The appointment of Dean Knowles follows an intensive search process involving broad consultation with faculty, students, and staff. Bok was directly aided in the search by an advisory committee of ten faculty members, drawn from departments spanning the humanities, social sciences, and sciences, which has met weekly since mid-April.

Described by the Crimson as “exuberant, witty, and at ease in the corner office of University Hall” when he took office in 1991, Jeremy Knowles was known as an exceptionally strong and hard-working dean who restored FAS finances to a sound footing during his early years, and then went on to enhance the academic, physical, and financial resources of the FAS.
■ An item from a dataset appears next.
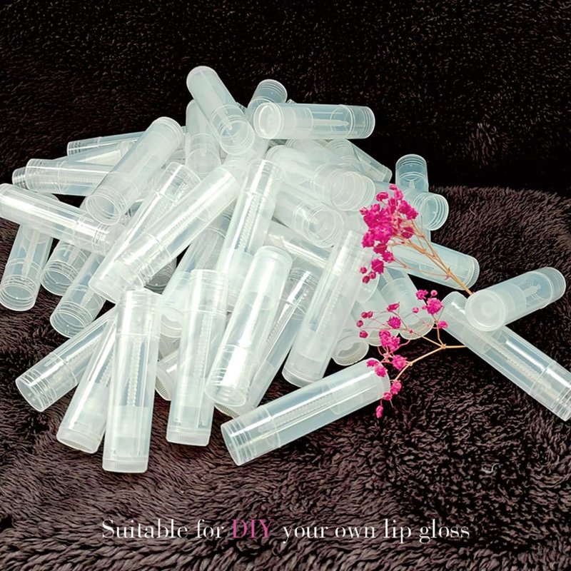YouFuyi 50 Lip Balm Container Kit with Filling Tray and Spatula, Round Tube Refillable Empty Tube 3 Colors, 0.15 oz, BPA Free, for DIY Homemade Lipstick Lipstick (50 translucent kits,)
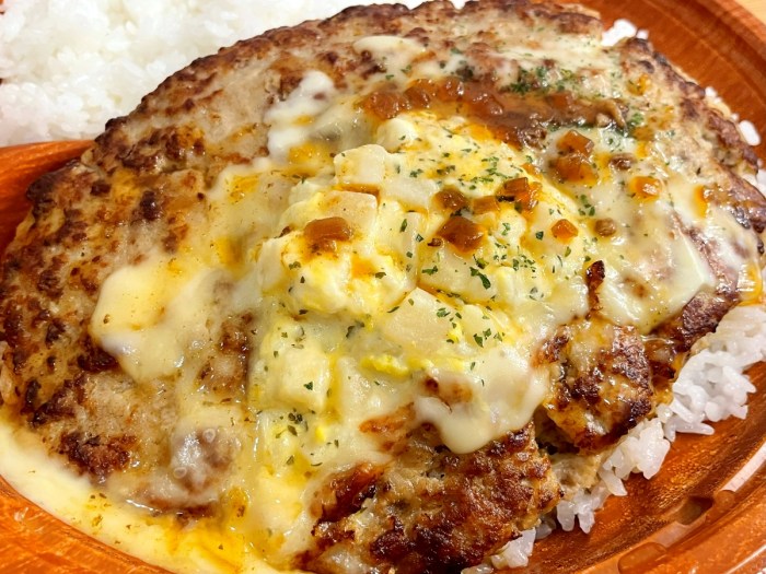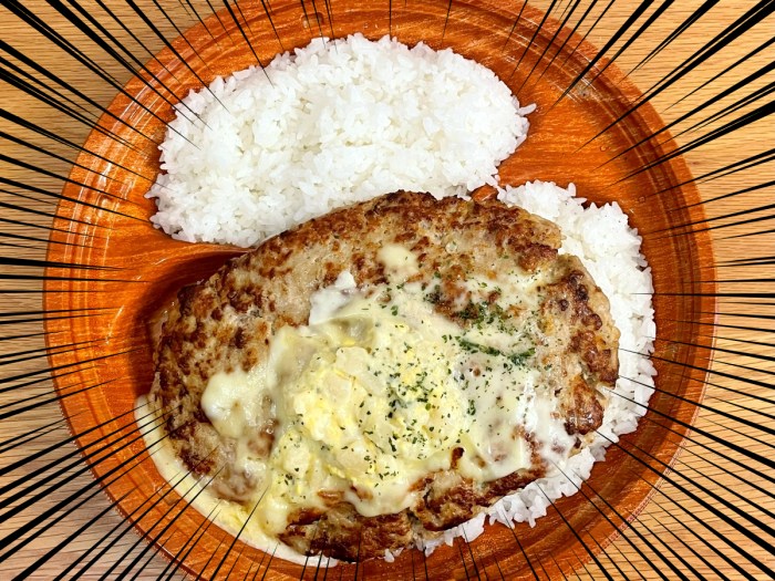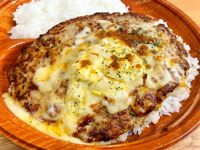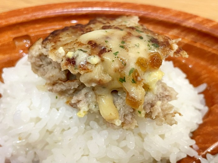 いや、もちろんご飯の上に大きなハンバーグがのっていることは見て分かるが……

Under Knowles, the Barker Center opened in 1997 and Boylston Hall was renovated, drawing together seventeen departments and other units of the humanities. Memorial Hall was restored and reshaped, and the massive renovation of Widener Library was begun. In 1999, Knowles launched a series of ambitious initiatives in the sciences, including the Bauer Center for Genomics Research, the Center for Imaging and Mesoscale Structures (now the Center for Nanoscale Systems), and the Center for Brain Science. In the social sciences, he led the planning effort for the Knafel Center for Government and International Studies, the two major buildings of which opened last fall.
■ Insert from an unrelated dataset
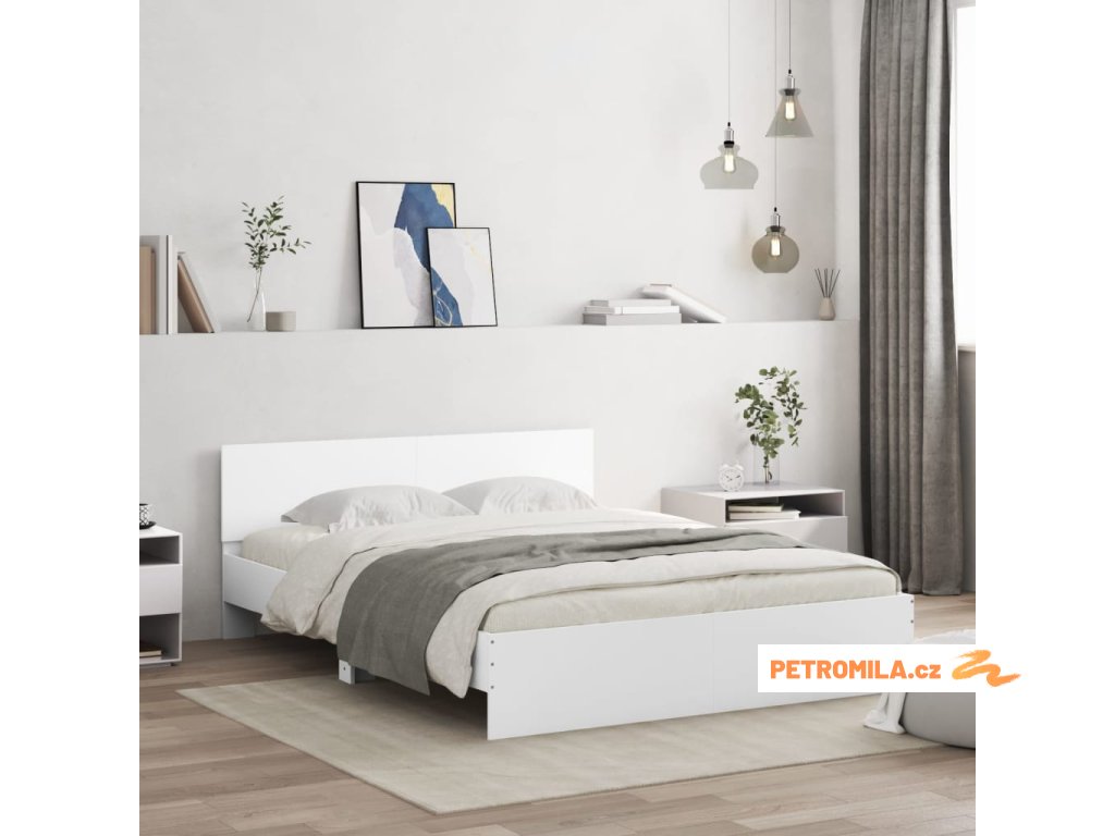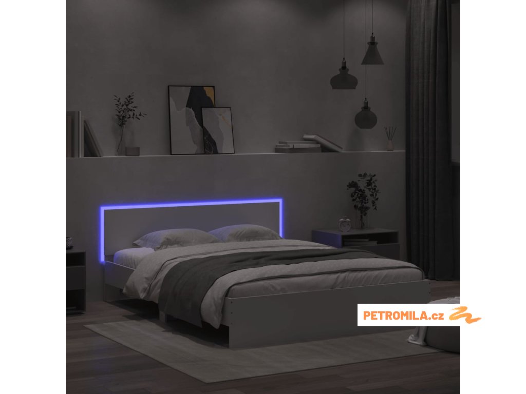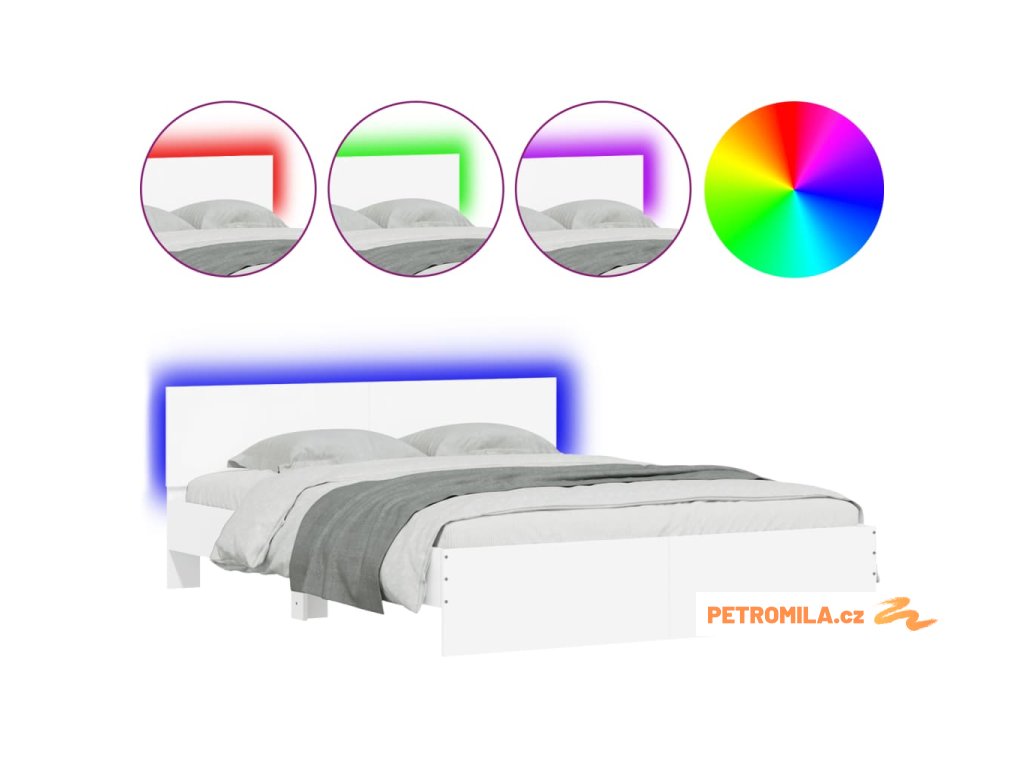 Rám postele s čelem a LED osvětlením bílý 160 x 200 cm

Knowles also launched an effort to increase the size of the FAS faculty while keeping the number of undergraduates constant, in order both to improve opportunities for student-faculty engagement and to strengthen scholarship in emerging fields. The number of senior faculty grew from 394 to 442 during Knowles’ tenure, and the number of senior women more than doubled, from 38 to 78. Dean Kirby has continued impressively to expand and diversify the faculty, and those numbers now stand at 483 and 90, respectively.

Born in England, Knowles was educated at Magdalen College School, Oxford. After serving as a pilot officer in the Royal Air Force, he graduated from Balliol College, Oxford, receiving his B.A. in 1959 and his D.Phil. in 1961. Before coming to Harvard, he was Fellow and Tutor of Wadham College, Oxford. He had held a post-doctoral fellowship at the California Institute of Technology, and had been a visiting professor at Yale, and Sloan Visiting Professor at Harvard. He joined the Harvard faculty as professor of chemistry in 1974, and was named Amory Houghton Professor of Chemistry and Biochemistry in 1979.
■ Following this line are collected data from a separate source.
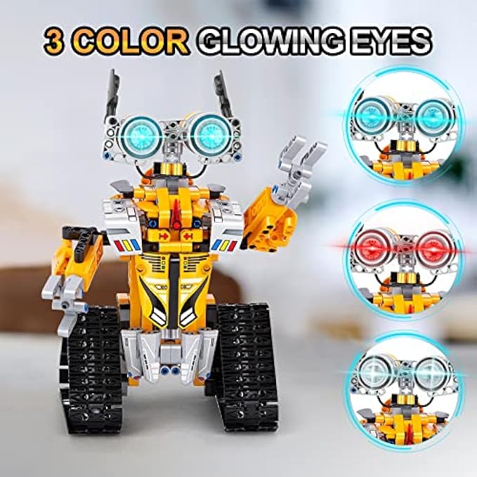 ?【Robots for Kids to Build】 Assembling all 468 pieces together to create a fully operational robot seems like a challenging job, your kids will also have a chance to create their own robot kit, engage themselves in endless hours of creative play. This robotics kit is perfect for kids ages 8 and up lets them put down their phones and iPods. ?【Creative Stem Toys】 Our robot has red blue and white glowing eyes that illuminate in the dark. Adjustable head, flexible rotating hand joints, ground-gripping tracks, which make robot toys move in all directions easily,forward, backward, left and right and 360-degree rotating. Take your kid’s imagination into the character by building this smart robot, transforming block play into pretend play. ?【Advanced Remote & App Control】 One of the main attractions of this robot is 5 modes APP Control (Path mode, Remote Control mode, Gravity mode, Programming mode, Voice control). The RC robot also can be controlled by a 2.4Ghz remote control(the maximum distance is 20m). Remote need 2*3AAA Battery (not included). Different modes will help your kids engage in endless hours of creative play, it is also a good way for children and young adults to learn coding, programming, and other STEM skills. ?【Rechargeable & High-capacity batteries】 You can easily charge your electric remote control robot with included USB cable via the plug, portable power bank, laptop, and so on. This is great robot building kit for kids 6 12, equipped with plus 3.7V/400mAh high-capacity rechargeable lithium-ion battery module, Full charge requires 120 minutes, playing up to 40 minutes. ?【Educational Ideal Gifts】 Our toy robot is ideal for anyone who looking for hours of creative STEM learning through play, which gives educators and parents a tool to provide meaningful STEM education for children at a lower cost.Suitable for festivals or birthday gifts to your kids, friends, or family members. It is an interesting robot building kit for kids 6-12,it is a slightly advanced robot kits for boys 12-15.
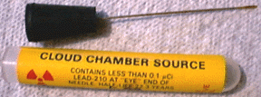 The styrofoam container was filled with dry ice that was crushed to a powder. A thin copper sheet was placed directly on top of the dry ice. A disc of thin black cardboard (included with the cloud chamber) was placed on the copper sheet. An absorbent paper strip was dipped in pure denatured alcohol (ethanol) and fitted to the inside of the chamber. The chamber was placed upside down on the cardboard disc (on top of the copper plate). A pin tipped with alpha-emitting lead-210 (also purchased from Cenco) was then inserted into the hole on the side of the chamber.
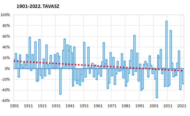 2022 tavaszának a csapadéka átlag alatti volt. Az elmúlt 122 év tavaszainak éves csapadékösszegéhez illesztett trend csökkenést mutat (9. ábra).
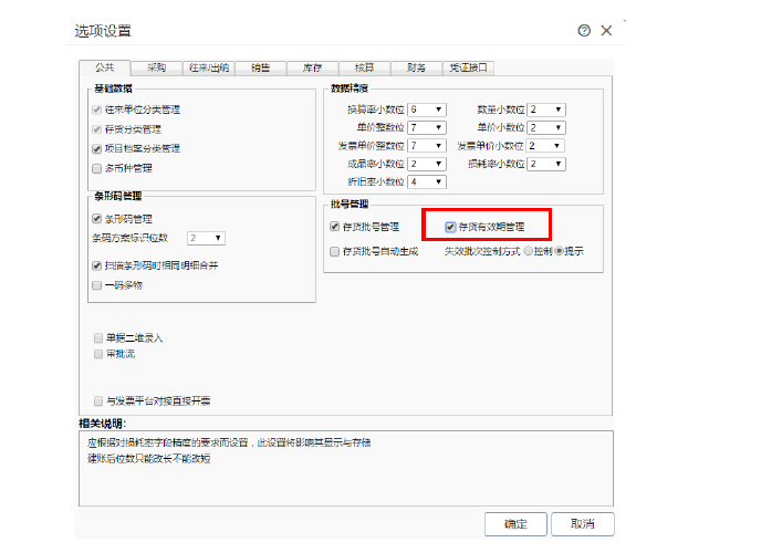 一般针对有正常使用期限的商品,药品或食品等等,在T+中有效期是与批号一起连用的,启用有效期管理的前提是先启用批号管理,同时在存货档案中需要进行有效期管理的存货需要勾选有效期管理选项,在进行后续的出入库单据操作时,需要对有效期进行选择。功能启用入口:【系统】-【账套设置】-【选项设置】-【库存】-【有效期管理】。
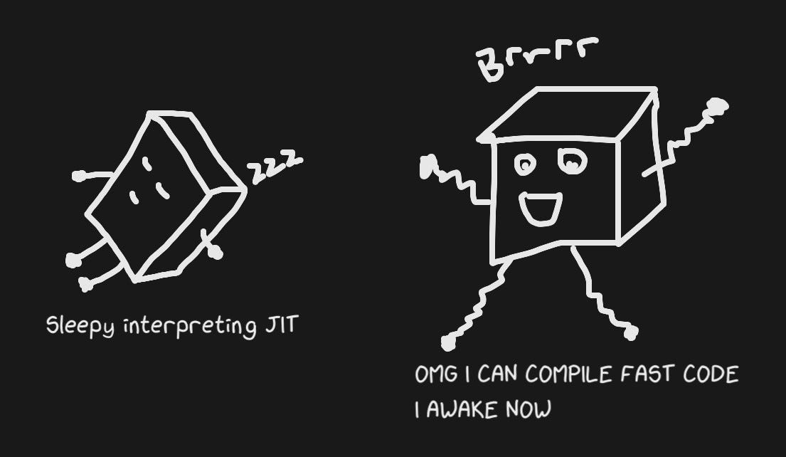 If you are familiar with how JITs generally work (if you get what the title is referring to), I recommend skimming this or going straight to reading How JIT Compilers are Implemented and Fast: Julia, Pypy, LuaJIT, Graal and More
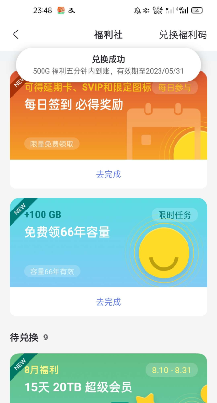 【参与方式】阿里云盘APP->我的->福利社->右上角输入兑换码“阿里云盘两周年”领500GB容量
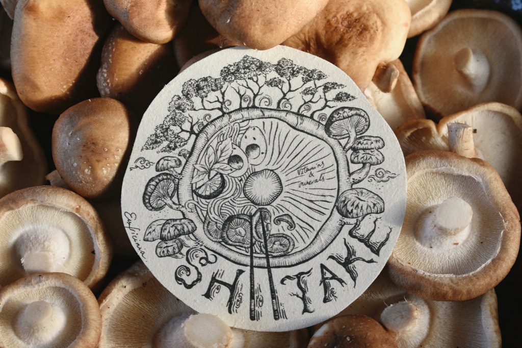 Le shiitake, champignon excellent pour la santé et au nom japonais, sera ma dernière étiquette pour cette nouvelle enveloppe « wabi-sabi » que je mets en ligne dans ma boutique dès demain :))

Knowles’ research has been on the boundary of chemistry and biochemistry, and has concerned the rate and specificity of enzyme catalysis and the evolution of protein function. He is the author of more than 250 research papers, and has advised more than 50 doctoral recipients at Oxford and at Harvard. He is a Fellow of the Royal Society, the American Academy of Arts and Sciences, and the American Philosophical Society, and a Foreign Associate of the National Academy of Sciences. He also serves as a trustee of the Howard Hughes Medical Institute.

Among his awards are the Charmian Medal, the Bader Award, the Repligen Award, the Prelog Medal, the Robert A. Welch Award in Chemistry, and the Nakanishi Prize. He was awarded the Davy Medal of the Royal Society, and is an Honorary Fellow of Balliol College and of Wadham College, Oxford. He holds honorary degrees from the University of Edinburgh and the Eidgenössische Technische Hochschule in Zürich. He was appointed Commander of the Order of the British Empire in the Queen’s Birthday Honours of 1993.